Summary

The already corrupt Papacy reached perhaps its ultimate depths during the reign of Rodrigo Borgia, who was elected to the papacy in 1492 after the death of the generally unnoteworthy Innocent VIII, and who assumed the name Pope Alexander VI. Borgia, a Spaniard, had been at the center of Vatican affairs for 30 years as a Cardinal. When he became pope, myth and legend quickly rose up around his family. Alexander VI had four acknowledged children, three males and one female. Alexander VI was himself known as a corrupt pope bent on his family's political and material success, to an even greater extent than Sixtus IV had been. It was no secret that Alexander VI's oldest son Cesare, was a murderer, and had killed many of his political opponents. Lucrezia Borgia, Alexander VI's daughter, was married three times in the pope's efforts to create beneficial alliances. Under Alexander VI, the Papacy continued to grow politically and economically strong, but the means by which it grew were much questioned throughout Italy.

Alexander VI died in 1503, and was succeeded by Pope Julius II. Under Julius II, both the city of Rome and the Papacy entered a Golden Age. Julius II continued the consolidation of power in the Papal States, encouraged the devotion to learning and writing in Rome begun by Pope Nicholas V, and, foremost, continued the process of rebuilding Rome physically. The most prominent project among many was the rebuilding of St. Peter's basilica, one of the most sacred buildings in Christianity. The creation of a new St. Peter's, and indeed a new Rome, taxed the city. Ancient structures were demolished to make room and building materials for the new buildings of the city.

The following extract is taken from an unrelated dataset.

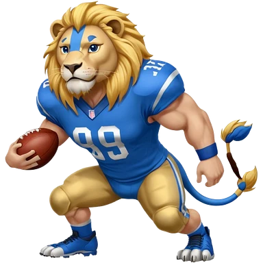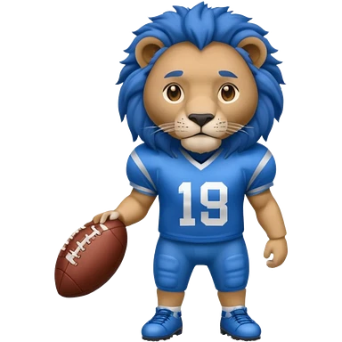 full blue color lion, blue face, wearing blue american football jersey emoji

Artists flocked to Rome during the fifteenth and sixteenth centuries to study the ruins and contribute to the new structures of Rome, striving to connect the new with the style of the ancient. Many took architectural ideas gleaned from the study of ancient Rome to the cities of the North, and Florence, Milan, and Venice soon showed the signs of Roman influence.

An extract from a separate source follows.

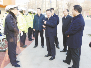 在马庄转盘路口交警执勤点,皇甫立新、刘国庆等县领导与交警们一一握手,向他们致以新年的祝福,并查看新添置的工作服和交通疏导摩托车。皇甫立新指出,一直以来,县交警大队的各位交警同志恪尽职守、早出晚归、风雨无阻,在各个交通指挥岗和十字路口疏导交通,为全县居民更加顺畅、安全的出行做出了很大贡献,成绩值得肯定。希望广大交警继续履行岗位职责,科学合理调度警力,做到依法执法、人性化执法,把沈丘交警打造成沈丘对外形象的一张靓丽名片,有效提升沈丘的知名度和美誉度。
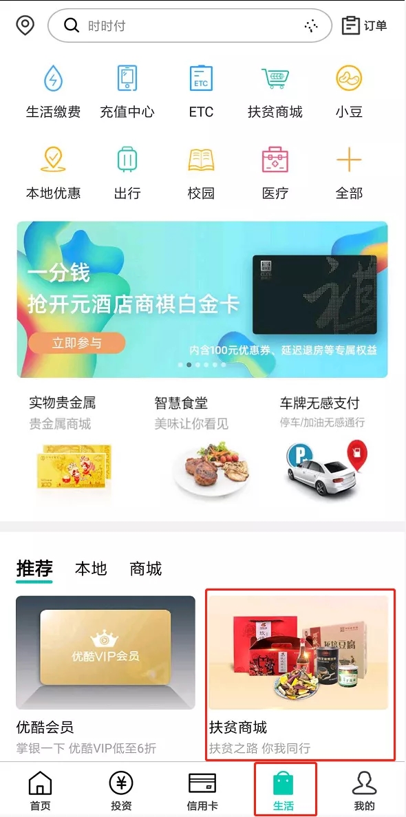 打開農(nóng)行掌銀APP,點(diǎn)擊“生活”-“扶貧商城”

Rome received its final push to renaissance glory from Pope Leo X, second son of Lorenzo de Medici. He came to the papal throne in 1513, following Julius II. He was at ease in social situations, a skilled diplomat, demonstrated great skill as an administrator, and was an intelligent and beneficent patron of the arts. He encouraged scholarly learning, and supported the theatre, an art form considered to be of ambiguous morality until that time. Most prominently, he supported the visual arts of painting and sculpture. He is well known for his patronage of Raphael, whose paintings played a large role in the redecoration of the Vatican. Under Leo X, the ruins of Rome began to be more effectively preserved, and metaphorically, so did the morality of the Papacy. When he died in 1521, Rome's Golden Age effectively ended, and the Renaissance as a whole began to fade.

Commentary

Rodrigo Borgia, later Alexander VI, has assumed the role of the archetypical Renaissance pope. Historians cite his exploits as pontiff as representative of the nepotism and corruption that plagued the Papacy throughout the Renaissance period. Certainly, the effect Alexander had upon Italy and upon the popular view of the Papacy cannot be denied. Even in his own time, the Borgia family took on legendary status in Italy as cruel and manipulative monsters. Many saw the rise of Rodrigo Borgia to the papal throne as a sign of impending demise for the Catholic Church. However, both Italy and the Catholic Church survived Alexander VI's reign, and perhaps even learned some valuable lessons, for Julius II and Pope Leo X reversed the slide of the Papacy and ushered in the Golden Age of Rome, during which both the city and its rulers were admired and respected, reversing the trend under which the Papacy had slipped into moral degradation while the physical city itself rose to new heights.

The main project Pope Julius II undertook was the destruction and rebuilding of St. Peter's basilica, the oldest and most sacred building in all of Christianity, containing the tomb of St. Peter and of many past popes. Many questioned and opposed the wisdom of the project, but Julius II insisted that the building was in desperate need of repair and should be replaced with a structure more worthy of the glory of its purpose. Once he began the planning and destruction, he proceeded with zeal, never second-guessing his decision. The destruction and rebuilding of St. Peter's soon became known throughout Italy as a symbol of the descent and resurrection of Rome.